OpenVPN bandwidth, cpu utilization, multi-client, .... Do I understand this correctly?

  • Greetings netgate community,

    I'm new here! hello hi and hello.

    I'm in the planning stages to mature a the networking/server infrastructure at the small company I work for. I want to deploy solutions to improve data protection at rest and in flight. We're around 70 users and growing fast. (could be 200 in 6-8 years).

    It's not uncommon for more than half of our employees to be on the road at any given time. Time to batten down the hatches: VPN, drive encryption, device management, configuration compliance, vulnerability assessments, security information and event management, endpoint monitoring, full packet capture, etc etc.. pfsense looks like a great component to put in the core of our network to juggle some capabilities and properly isolate various networks, but I'm not clear on whether openVPN will scale for this sort of deployment.

    I want the connection experience to be the same whether users are in the office, at home, or on the road, so I intend to transform the entire access layer of the building network into an "untrusted" network. I intend to configure all domain joined, company issued computing devices to connect using the same full tunnel VPN capability for a unified connection experience in and out of the office.

    If I understand correctly, openVPN supports a "full tunnel" mode that will tunnel ALL TCP/IP traffic on the client device through the VPN. I would like the effective gateway of the domain joined client devices to always be the gateway at our office secure-side network, so that all network traffic to/from the device can be looped through the secured side of the network and captured/inspected by an SIEM (Security onion) regardless of where the client computer connects to the domain/internet (either local untrusted network or on the road). Is my interpretation of this correct?

    If I understand correctly, openVPN supports a "bridged" mode, that extends the IP addressing scheme of the "secure" side network out to openVPN clients, so all devices share the same broadcast domain with no NAT required. I would like this for the sake of simple file sharing capability from windows file servers.

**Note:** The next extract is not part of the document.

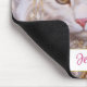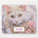 Una almohadilla de ratón con un ilustracion encantador. Un gato blanco de pelo largo que parece regal y elegante. Rodeado de flores rosas, oro y joyas de diamantes.

    If I understand correctly, an openVPN tunnel runs on a single process, single thread? Bandwidth is limited to ~50-300Mbps depending on the CPU and many other variables (assuming no constraints on the network connection otherwise).

    What I'm not totally 100% clear on, is whether the server side automatically spawns a new process for each openVPN tunnel/client connection. If I can get 100Mbps or better on average to most clients I'd be very happy, though 200+ would be preferred. The kicker is, will it scale to multiple CPU cores on the server side as multiple clients connect automatically?

    The openVPN hardware guides and pfsense hardware guides imply that the server side does scale to many-cores just fine for multiple connected clients (an example scenario with many hundreds of clients and 2.5Gbps needing approximately 16 fast cores comes to mind). However, there are dozens of threads around the interwebs, including openVPN documentation at clearOS talking about the single threaded bandwidth bottleneck issue with openVPN, and it's not obvious in those threads/guides if they are strictly speaking about a client side bandwidth concern (single tunnel from a single client). I would like to build out a load-balancing/failover dual pfsense box configuration that can move a few Gbps of aggregate openVPN traffic in worst case scenarios (many simultaneous connections). Is this feasible? Will this require an abnormal configuration to accomplish? (one response I was reading, suggested I would need to establish a separate interface for each VPN

    I'm looking at single and dual socket EPYC and Skylake Scalable solutions in 2U form factor. likely 24+ cores per box, 2 boxes configured for load-balance/fail-over. Want to make sure we can leverage the high core count to scale out VPN connections to many users. If this isn't the case I may need to approach this problem with a different solution. To be clear, the cost of building a pair of $10-15K servers to support this is not an issue, if it works, I don't care if we need a ton of CPU power to deploy. There are advantages to openVPN that I really want to incorporate here (primarily, the fact that it is likely to work almost anywhere, from behind almost any other network/firewall situation). I don't want to buy $25,000 worth of equipment then find out I have 95 cores twiddling thumbs and the entire organization sharing 100Mbps of bandwidth.

    I appreciate any insight/ideas/corrections on this matter.

    I haven't had time to do more thorough testing, but will no doubt run a non-production environment starting with VM's and moving onto real hardware for many months to learn all the quirks and work out the kinks before moving users/devices into the new domain.


  • @eric-marshall

    I guess that was just way TL/DR. Sorry Guys.